TJMS libera “pílula do câncer” para paciente que busca “última esperança”
Decisão é comemorada pelo esposo, com quem divide a vida há 62 anos: “Ver se salva a minha velha”

O TJ/MS (Tribunal de Justiça de Mato Grosso do Sul) autorizou que uma paciente de 90 anos, em estágio terminal, adquira a “pílula do câncer”, nome fantasia da substância fosfoetanolamina sintética.
O debate sobre o uso da substância no tratamento de câncer ganhou as ruas, tribunais e Poder Legislativo em 2016. Mas naquele mesmo ano, o STF (Supremo Tribunal Federal) suspendeu a Lei 13.269/2016, sobre produção e uso da pílula do câncer.

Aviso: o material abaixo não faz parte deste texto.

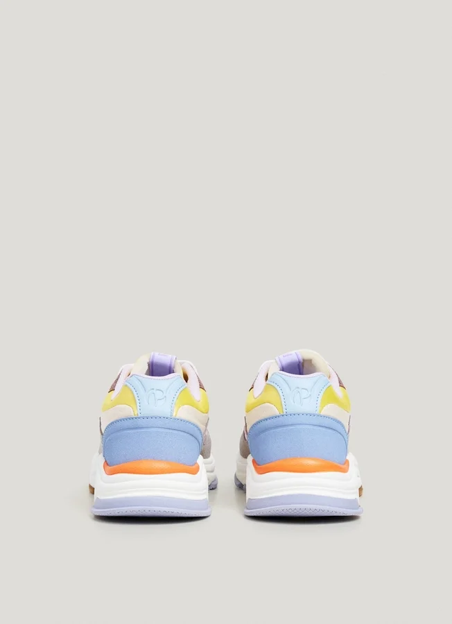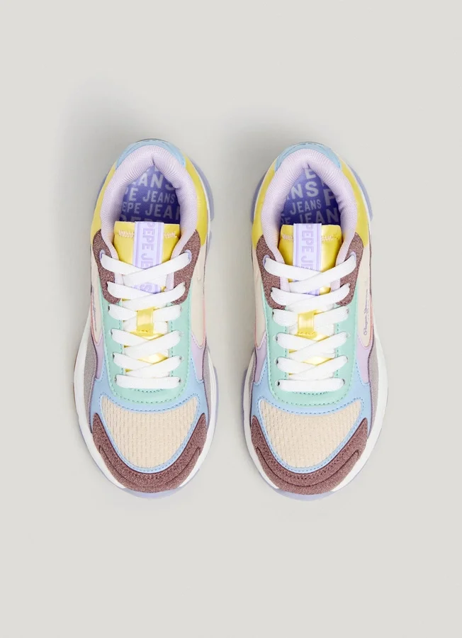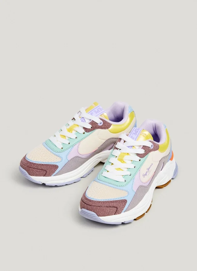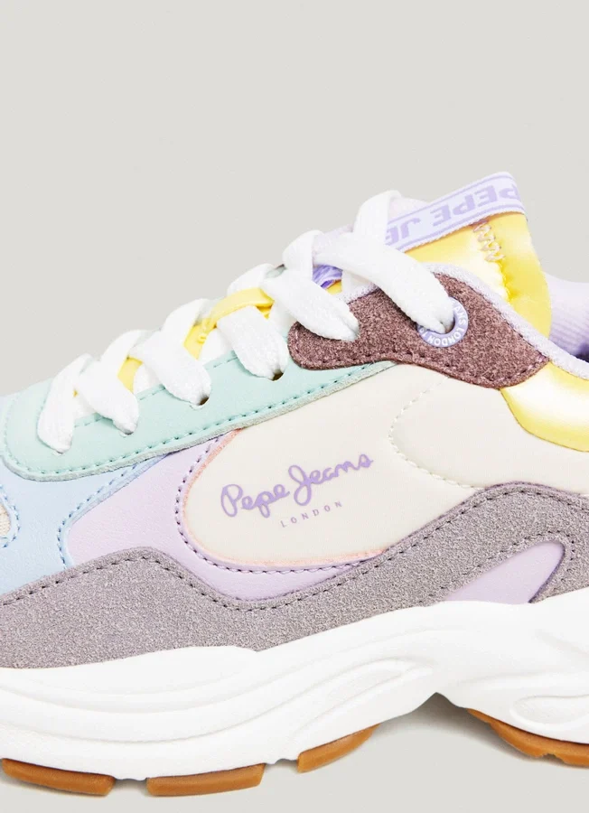 – Trainers in a combination of fabrics and colour contrast

No entanto, no último dia 27 de fevereiro, a 3ª Câmara Cível do Tribunal de Justiça derrubou decisão da 12ª Vara Cível de Campo Grande e permitiu que paciente compre a substância experimental.
“Observa-se declaração médica no sentido de que os tratamentos convencionais não são mais capazes de surtir efeito que não seja meramente paliativo, encontrando-se em perspectiva de morte em um curto espaço de tempo. Recorrer à fosfoetanolamina é, aqui, a última tentativa de salvar a sua vida”, afirmou o desembargador Dorival Renato Pavan, relator do processo.
A tese de que a substância é a última esperança da paciente foi acolhida pelos desembargadores Amaury da Silva Kuklinski e Odemilson Roberto Castro Fassa, resultando em decisão unânime.
Na apelação, o advogado Carlos Alexandre da Silva Rodrigues destacou que a decisão do Supremo proibiu a comercialização, mas não a aquisição no caso específico da paciente. A compra será de laboratório e não repasse pela USP (Universidade de São Paulo), prática que se tornou comum em 2016.
“Quando se está condenado à morte, qualquer eventual efeito colateral por maior que seja, se torna um bônus, pois qualquer justificativa para deixar de fornecer o medicamento, se traveste em uma sentença de morte!!!”, afirmou o advogado no pedido ao Tribunal de Justiça.
A defesa destacou que houve decisões favoráveis em São Paulo, Santa Catarina, Rondônia e Paraíba. Em Mato Grosso do Sul, a compra também foi autorizada em ações nas cidades de Maracaju e Dourados.
A paciente de 90 anos foi diagnosticada com câncer no esôfago, com metástase pulmonares e de pâncreas. Conforme laudo médico, a mulher é considerada paciente terminal. No processo, devido às condições de saúde, ela é representada pelo esposo.
Conforme a decisão, a fosfoetanolamina sintética deve ser fornecida por laboratório. O pedido é de 1080 cápsulas ou doses. A cápsula tem custo unitário de R$ 3,50, enquanto a dose em pó tem valor de R$ 3.
O MP/MS (Ministério Público de Mato Grosso do Sul) foi contra a expedição de alvará judicial para a compra. A promotoria apontou que o pedido foi negado em primeira instância porque a substância está em fase de testes, sem comercialização permitida pela Anvisa (Agência Nacional de Vigilância Sanitária).
História de amor – Longe de leis, Osório Xavier, 90 anos, aposentado da Marinha do Brasil, comemora a possibilidade de novo tratamento para a esposa Gonçalina Alves Xavier.
“Tivemos uma grande notícia. Agora, estamos aguardando a o alvará e a orientação de como comprar. Ver se salva a minha velha”, diz.
Ele conta que a esposa está em casa, onde recebe atendimento médico. “São 62 anos de casados graça a Deus, um casamento bem-vivido”, diz. A idade avançada não limita a memória e ele viaja no tempo para lembrar a história do casal, que começou em Corumbá, durante a festa de Santa Cecília, padroeira dos músicos. “A sobrinha dela era a rainha da música. Veio namoro, casamento, sete filhos e sete netos", diz Osório.
Pílula - A fosfoetanolamina foi sintetizada pela equipe de pesquisadores chefiada por Gilberto Chierice, do Instituto de Química da Universidade de São Paulo, em São Carlos, há mais de 20 anos, e ficou conhecida nas redes sociais como “pílula do câncer”, pela suposta capacidade de destruir tumores malignos.
No dia 15 de janeiro, o presidente Jair Bolsonaro (sem partido) criticou a suspensão da Lei da Pílula do Câncer pelo STF. “A Anvisa, por exemplo, não pode protelar por muito tempo a liberação das pautas que interessam à sociedade", afirmou, conforme divulgado pelo UOL.